Ronald McDonald House Charities, known for creating home-away-from homes for families of hospitalized children, created their first family room in 1992. The Lexington group relied on financial support from the national organization to create this room.

“We really wanted the room to be transformative,” said Warner, “it should be like going into an oasis from the intensive care nightmare that you are going through.”

Volunteers who staff the room are trained to listen and recognize when families may need referrals to other hospital services, such as a social worker.

“They are here as volunteers and we don't expect them to solve a problem but we hope they can refer people,” Warner said, adding the specially trained volunteers fill 68 monthly shifts. Several more volunteers are needed, said Judi Martin, the hospital's child life coordinator.

The room is opened from 9 a.m. to 9 p.m. Monday through Friday and 8 hours on Saturday and Sunday.

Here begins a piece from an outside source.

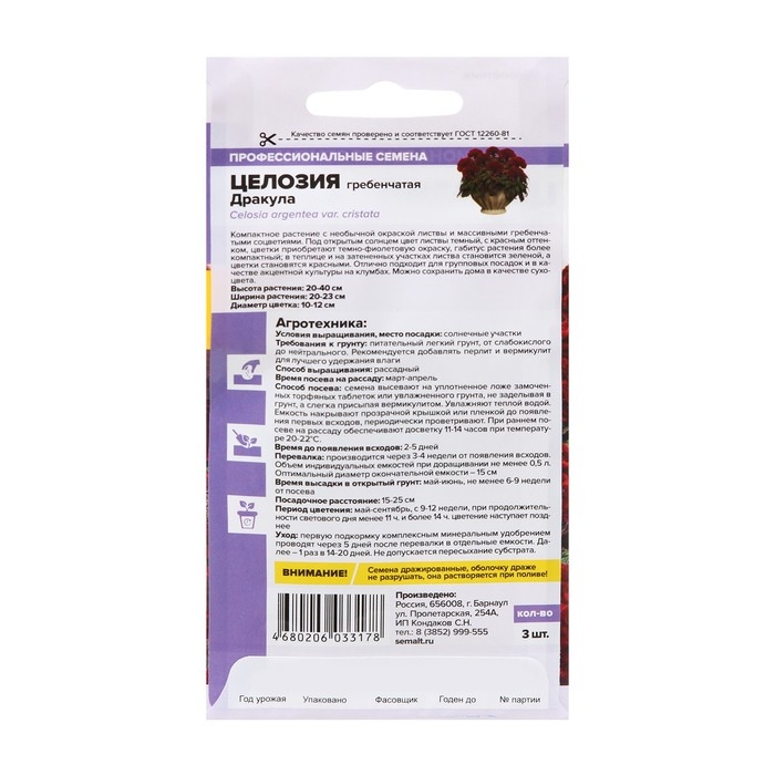 Семена цветов Целозия "Дракула", гребенчатая, Сем. Алт, ц/п, 3 шт

If volunteers aren't available, she said, the room must be locked.

After years of working with families through ministries, volunteer Renee Pryor was pleased to be a part of the new effort.

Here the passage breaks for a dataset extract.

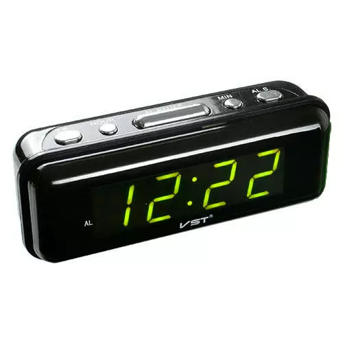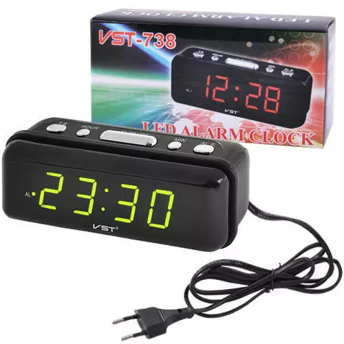 Додаткові характеристики: Настільний годинник з LED-дисплеєм, будильник, м'яке зелене свічення. Функція пам'яті (запасне живлення від двох батарей AAA) - не збиваються установки після відключення електрики.

“This place is so comfortable and so homey it's really a blessing to have a place to go any time your child is in the hospital,” said Pryor, who said she tries to concentrate on making sure everyone is comfortable and the coffee is warm.

It's a big departure from where families could stay before, said Martin. Before the renovation, the room was more like an airport waiting lounge where you'd be lucky to find a magazine without missing pages, she said. A big change is the absence of a television. Instead of a set hanging from a ceiling, individual DVD players and handheld electronic games are available that people can use with ear phones so the peaceful atmosphere isn't disturbed.

The room is really a place for family members to rest and recharge.

Ramona Mills could physically feel the difference after a few minutes in the room last week. Suffering from high blood pressure, the worries of tending her 4 year-old nephew, Braden Middleton, who is recovering from heart surgery, had her head pounding. A few minutes flipping through a gossip magazine while sinking into a dusty blue couch had eased her the throbbing in her temples and left her better prepared to help tend the needs of the boy.

“I've got to take care of myself,” she said, knowing that's the best way to take care of him.